The robot is technically a woman but mostly just a cool machine, he figures—and he's watched enough cartoons in his childhood to think a robot with gun-hands is very cool—with so many of them, too, there are less chores per person, and the dorm is getting comfortably crowded. It makes him nostalgic enough to risk picking a fight with Shinji over recruitment again; it goes exactly as badly as expected, and Mitsuru seems amused more than sympathetic.

"Would you be this devoted if I quit?" she asks.

"You wouldn't quit."

"Fair enough." She turns the page of her magazine. "I saw Aragaki recently, actually."

"You did?"

"Over a different matter." She gives him a look, so he resists the urge to ask. "At least with seven members, it is not so urgent we get him back."

He grins a bit at that phrasing. "Yeah, we're turning up members left and right. Why didn't anyone bring up Aegis last year?"

"I cannot say. I honestly don't know." Mitsuru looks a bit troubled, but doesn't give him the chance to ask. "Although, I doubt you and I alone could have handled her." She nods across the lounge, where Arisato and Takeba are busily teaching—trying, anyway—Aegis to speak in slang, Junpei offering crude alternatives and and Yamagishi looked both embarrassed and like she'd like to join in.

Mitsuru quirks her mouth at him. "It makes you feel proud, doesn't it?"

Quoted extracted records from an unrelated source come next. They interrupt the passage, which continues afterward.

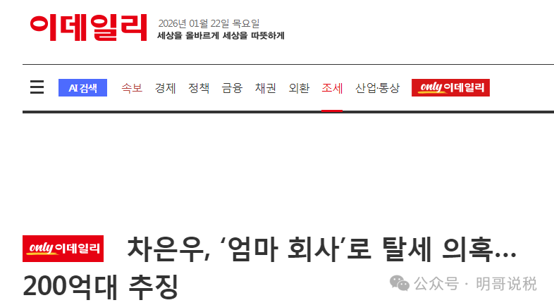 韩国国税厅认定A公司是一家"空壳公司",并未实际提供服务;并认为车银优及其母亲为了减少高达45%的个人所得税,设立一家并不存在的A公司,从而骗取比个人所得税税率低20多个百分点的企业所得税。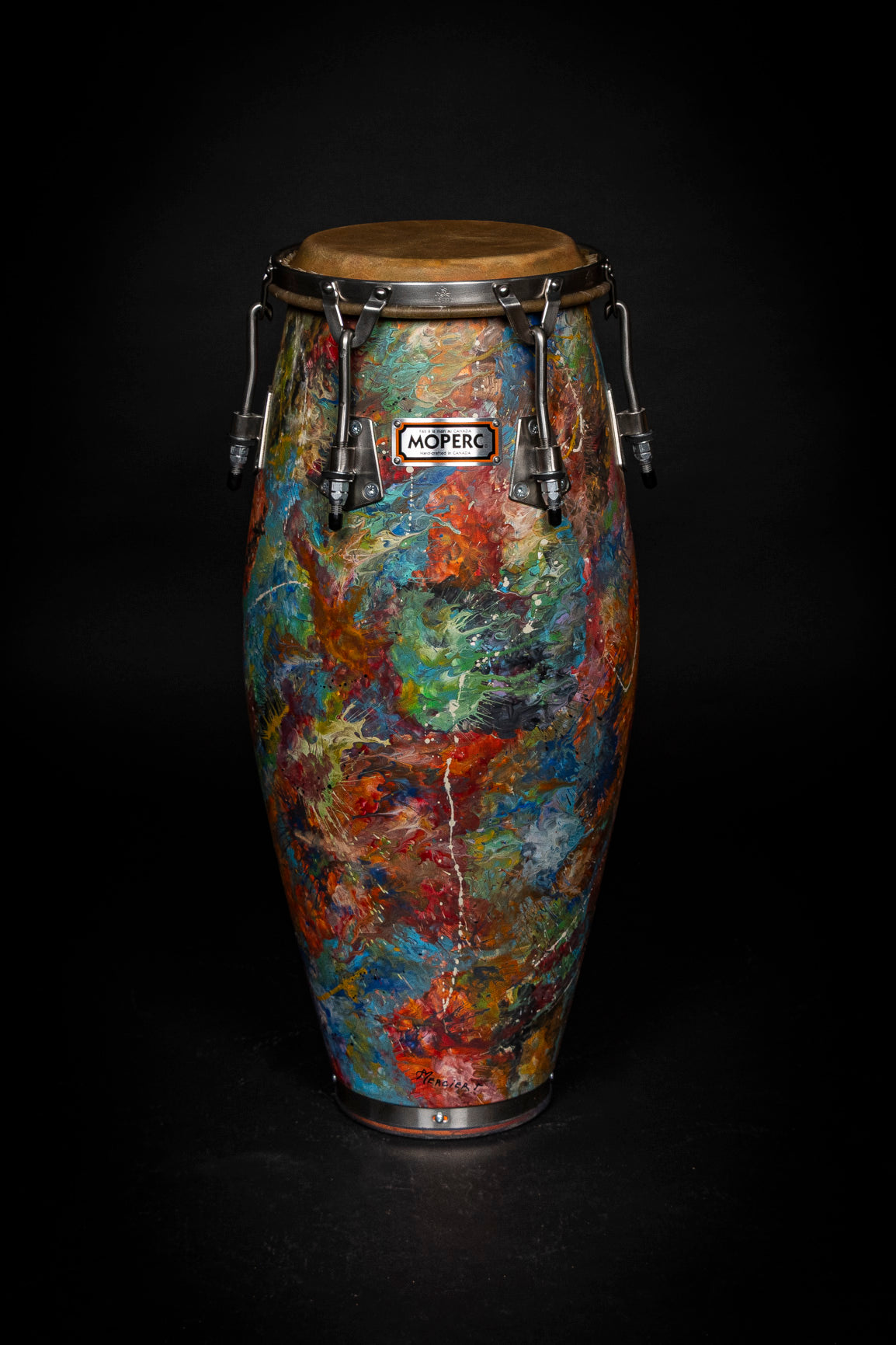 9" quinto designed for maximum high-end range with immediate response. The shell features original artwork by Andrés Mercier, giving this drum a unique visual identity that can’t be replicated. Equipped with a premium Italian skin head, it offers crisp articulation, quick rebound, and bright, precise tone in the upper register.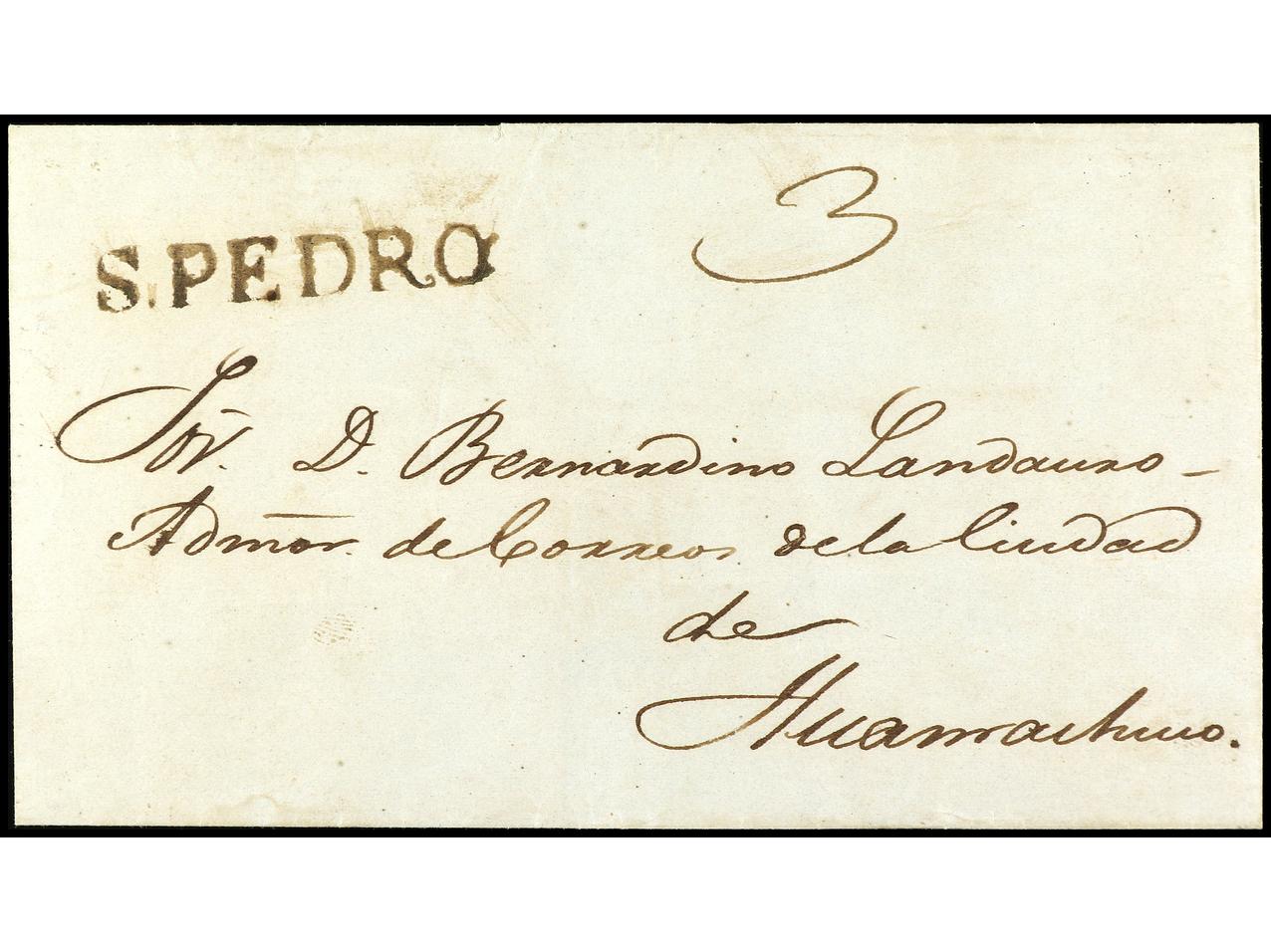 PERU. (1844 ca.). Envuelta circulada a HUAMACHUCO. Marca S. PEDRO en negro. PRECIOSA. (Image1) (Image2)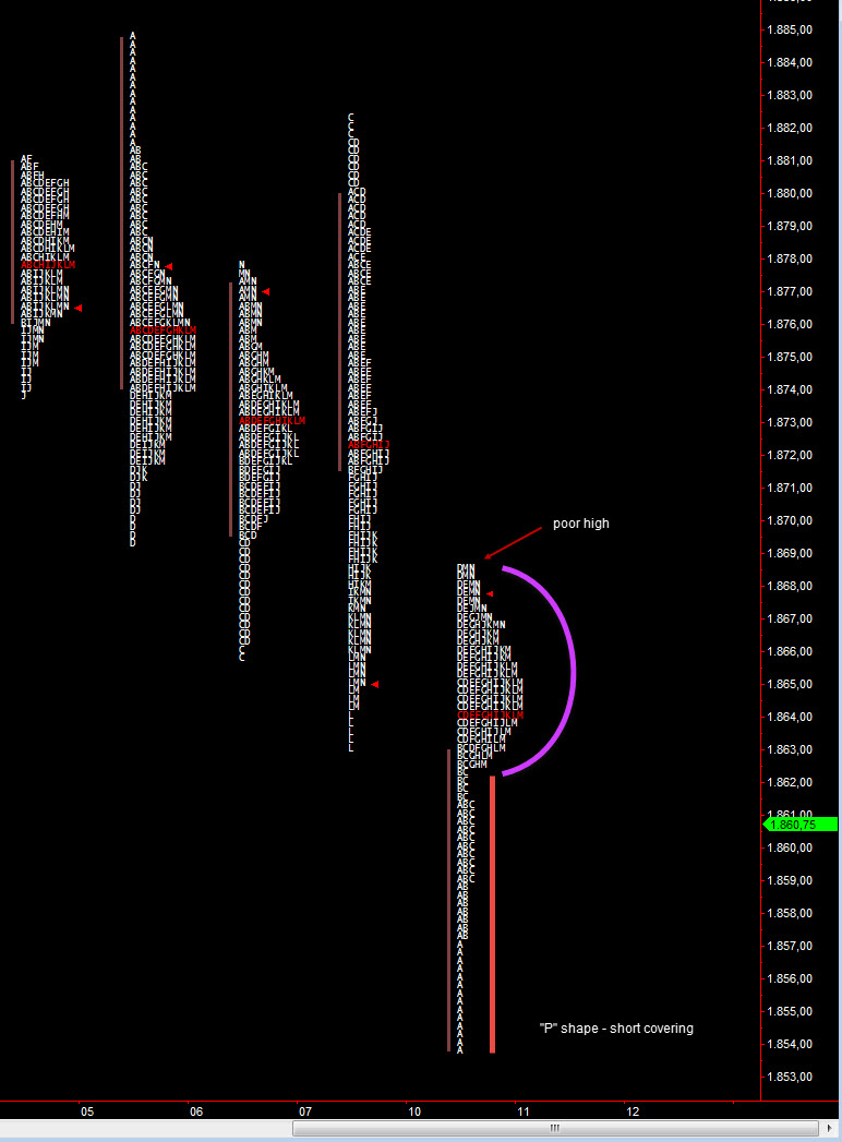O profile é um claro "P" o que indica short covering. Esta formação indica-nos que muito provavelmente iremos ter os preços a testar valores mais abaixo.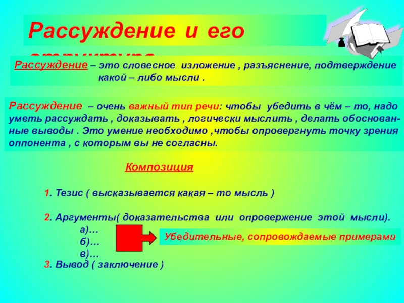 Рассуждение – очень важный тип речи: чтобы убедить в чём – то, надо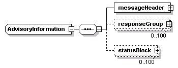 | source | <xs:complexType name="AdvisoryInformation"> <xs:sequence> <xs:element name="messageHeader" type="MessageHeader"/> <xs:element name="responseGroup" type="ResponseGroup" minOccurs="0" maxOccurs="100"/> <xs:element name="statusBlock" type="StatusBlock" minOccurs="0" maxOccurs="100"/> </xs:sequence> </xs:complexType> |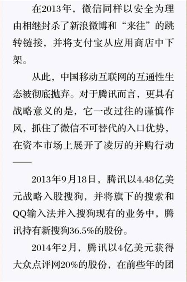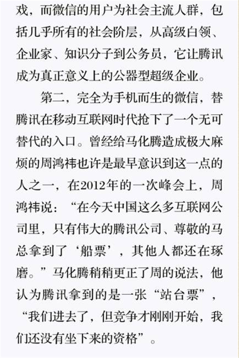 深读之后发明,,,,,,,着实全书真正的焦点在于透过腾讯可以视察到的中国企业逻辑,,,,,,,其中许多基于国情而降生的特殊能力,,,,,,,已往或受诟病或被追捧,,,,,,,而本书作者可以以越发客观的姿态对其举行剖析,,,,,,,这无疑是一种今世创业者和企业家应当学习的姿态和能力。。。。。。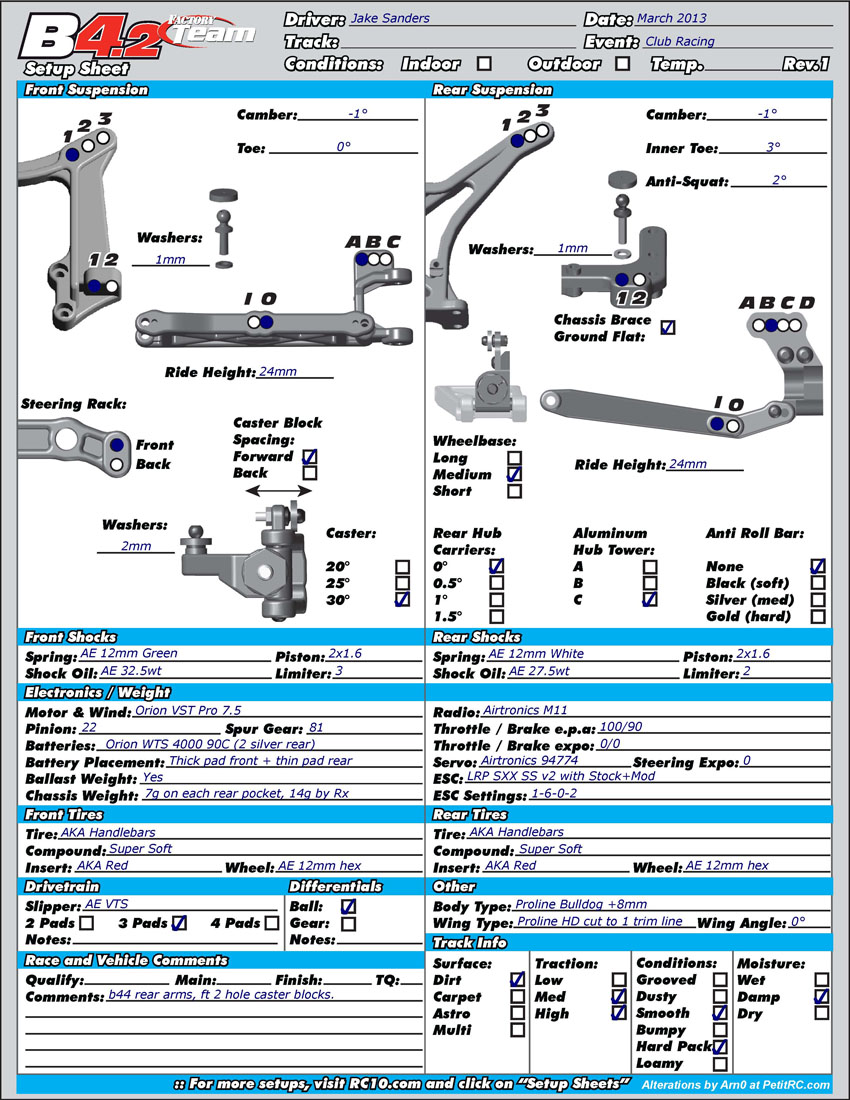 - Team Associated B4.2 - Jake Sanders - Base Setup - March 2013 -

"Hah." He hadn't thought of that, but now that she says it—looking over at the underclassmen— "Yeah, kinda."


eight.

It later turns out that Mitsuru and Akihiko think alike. Mitsuru, on hearing advance word that Koromaru could summon a persona, had realized that that prospect—a dog—might serve as a good bribe for Shinji's return. It hadn't worked.

A month later, when Amada joined, Akihiko started considering using the kid as a bribe instead. If he had avoided Takeba when she joined, so long ago, it was nothing on Amada—he heard her consoling the kid that Sanada-senpai was just kinda shy around kids (and girls), and he felt guilty enough that he started to make an effort.

He'd known Amada's name, of course, but that had been all. In person, the kid was a kid. But he was still grimly pleased that Mitsuru looked uneasy, too, when the underclassmen brought up Ken-kun's maturity. It was Koromaru's warming to the kid that made Akihiko really decide to give him a fair chance—he'd spent enough time watching Shinji pretend not to be an animal lover to absorb the sentiment that dogs were good judges of character.

The three of them went on a walk in early September, right after Amada officially joined, Koromaru the only one without ulterior motives, without guilt to hide. "Why did you ask to join SEES?"

Amada took a deep breath. "It's the right thing to do. If I have this power, I should use it. Mom would want me to." One reason leads smooth into the other, but each sentence feels disjointed from the others. Koromaru, tail wagging, barks at something and runs ahead.

"How did your mom die?" Akihiko tries to sound like he doesn't know.

"In an accident." So does Amada.


one.

"Amada Ken has joined SEES," he says to Shinji.